Por: Rodrigo Fonseca | Especial para o Correio da Manhã

Radu Jude: 'Somos formatados a escrever filmes de uma única forma'

Radu Jude saiu de Loacrno com o Leopardo de Prata por 'Não Espere Muito do Fim do Mundo' | Foto: Divulgação

 

Depois de "Má Sorte no Sexo ou Pornô Acidental" (Urso de Ouro de 2021), Radu Jude virou um popstar autoral, vicejando a chamada Primavera Romena. O termo se refere a uma onda de filmes que apareceu em Bucareste a partir de 2005, sempre de tom irônico, nas raias de um humor rascante, que sempre denuncia incongruências de governo.

Nesta sexta, seu longa-metragem mais recente, "Não Espere Muito Do Fim Do Mundo" ("Nu Astepta Prea Mult De La Sfârsitul Lumii"), que ganhou o Prêmio do Júri no Festival de Locarno, chega ao Brasil, via MUBI.

Sua atriz, Ilinca Manolache, tem um desempenho em estado de graça. É um estudo sobre o sucateamento das relações laborais, centrado no empenho de uma produtora (Ilinca, brilhante) em filmar pessoas que sofreram acidentes de trabalho.

A partir do dia 10, seis curtas dele entra no www.mubi.com, incluindo como "Plastic Semiotic" (2021) e "The Potemkinists" (2022).
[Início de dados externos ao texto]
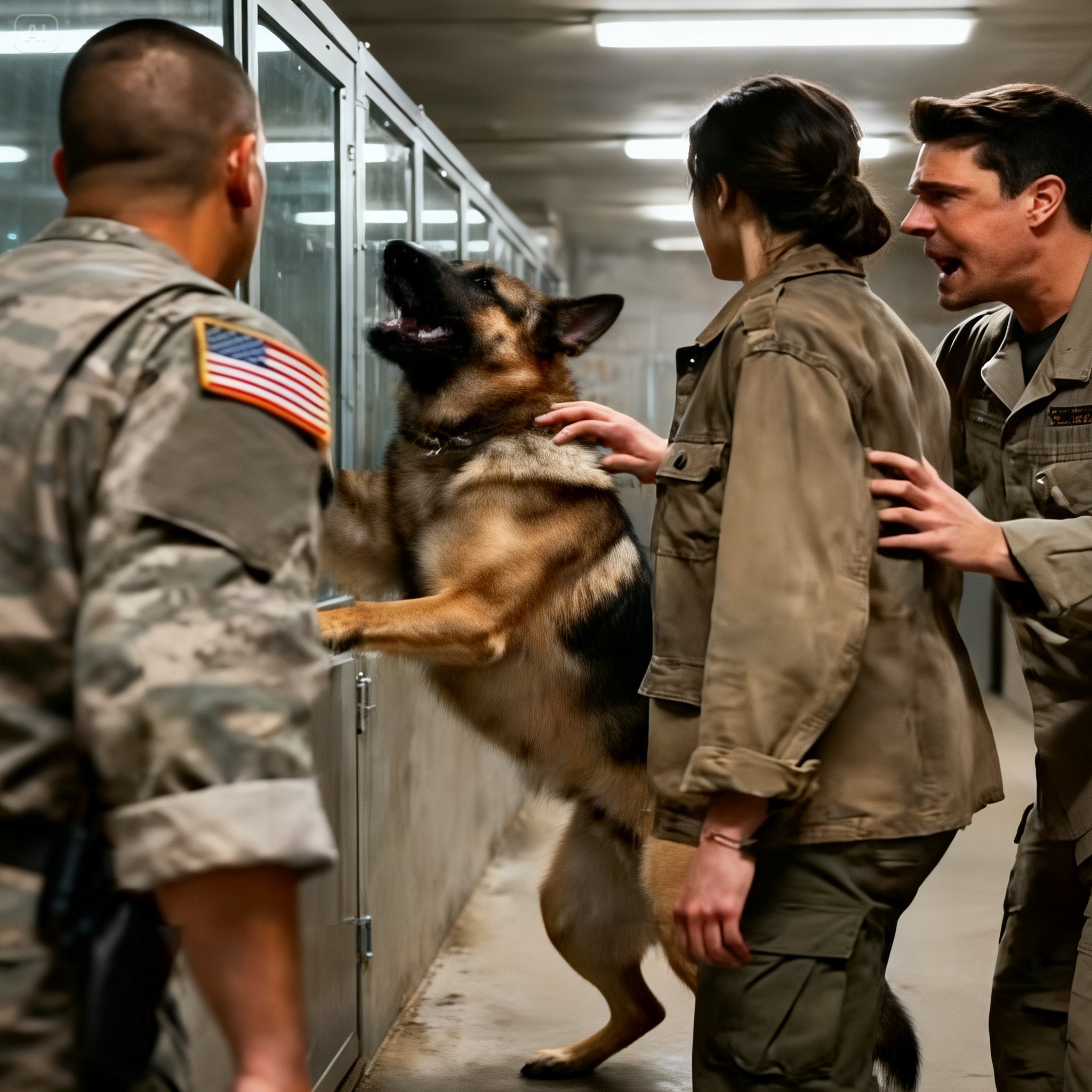 I found them outside Kennel 7. Major Haskins, the handlers, and a woman in a lab coat—Dr. Sutter, the behavioral specialist. They were arguing, their voices bouncing off the concrete walls.

Além do que se vê nos noticiários, as principais informações que o mundo teve sobre a Romênia nos últimos 20 anos se deve ao cinema, a uma série de longas-metragens em que seus conterrâneos mapearam a vida em seu país. Como é essa Romênia das telas e o quanto ela traduz a realidade de sua pátria?

Radu Jude: Se eu sei algo sobre o Brasil, foi o Cinema Novo que me ensinou. Aprendi sobre vocês com Nelson Pereira dos Santos e com Glauber Rocha. Recentemente, eu vi "Baronesa", de Juliana Antunes, que é uma valiosa expressão e me deixou impressionado com o que vocês são capazes de fazer. O cinema tem essa habilidade de formar comunidades ao apresentar um mundo a outro. No caso da Romênia, estamos atravessando uma fase de transformação. Em termos de contradição social, estamos sempre no limite, embora o risco atual não esteja tão ameaçador quanto já foi. Não temos um Bolsonaro hoje no Poder. Mas há um pleito para que nossos filmes se tornem mais comerciais, até por parte dos intelectuais, e passamos por uma influência da comédia stand-up. Não vejo nossa filmografia em seu melhor momento.

Há exceções?

Há, mas eu não vejo os jovens que estão chegando trazendo a audácia de que um bom cinema precisa. Nesse contexto, o que eu venho fazendo é tentando ser autêntico, ser eu. Há em "Não Espere Muito do Fim Do Mundo" uma longa sequência com cruzes. Seria normal que qualquer produtor se propusesse a cortar aquilo, mas eu briguei para aquela imagem se manter onde está, como está. Somos formatados hoje a escrever filmes de uma única forma. Mas eu não crio filmes em função das histórias e, sim, de uma busca por estruturas, por abordagens que possam ser únicas.

De que forma a vida na Romênia cabe nessas estruturas?

Godard dizia que assistia a partidas de futebol porque era a única transmissão audiovisual na qual ele poderia ver pessoas trabalhando por 90 minutos sem parar. Ver um jogo é ver trabalho. Eu, que já fiz publicidade e filmes institucionais para sobreviver, quis mostrar uma jornada de trabalho. Mais do que isso, quis retratar um cotidiano avesso ao fascismo, nos vídeos da personagem de Ilinca.

Muitas pessoas, a partir de hoje, vão descobrir seu longa-metragem - um filme feito como um espetáculo audiovisual para a tela grande - no ambiente do streaming, na grade da MUBI. Como você lida com essa lógica do streaming?

A maior parte do conhecimento cinematográfico que eu tenho vem da pirataria. É óbvio que desejo ver meu filme projetado, com som bom. Mas eu não tenho nada contra a Netflix e aprecio o trabalho da MUBI. Lá, você pode ver um Godard num dia, um curta da América do Sul no outro, um clássico de Hollywood na sequência. Acho que eu tenho uma das primeiras assinaturas do www.mubi.com desde que a plataforma surgiu. Não sou um purista. Sei do valor de novos suportes para a descobrirmos filmes.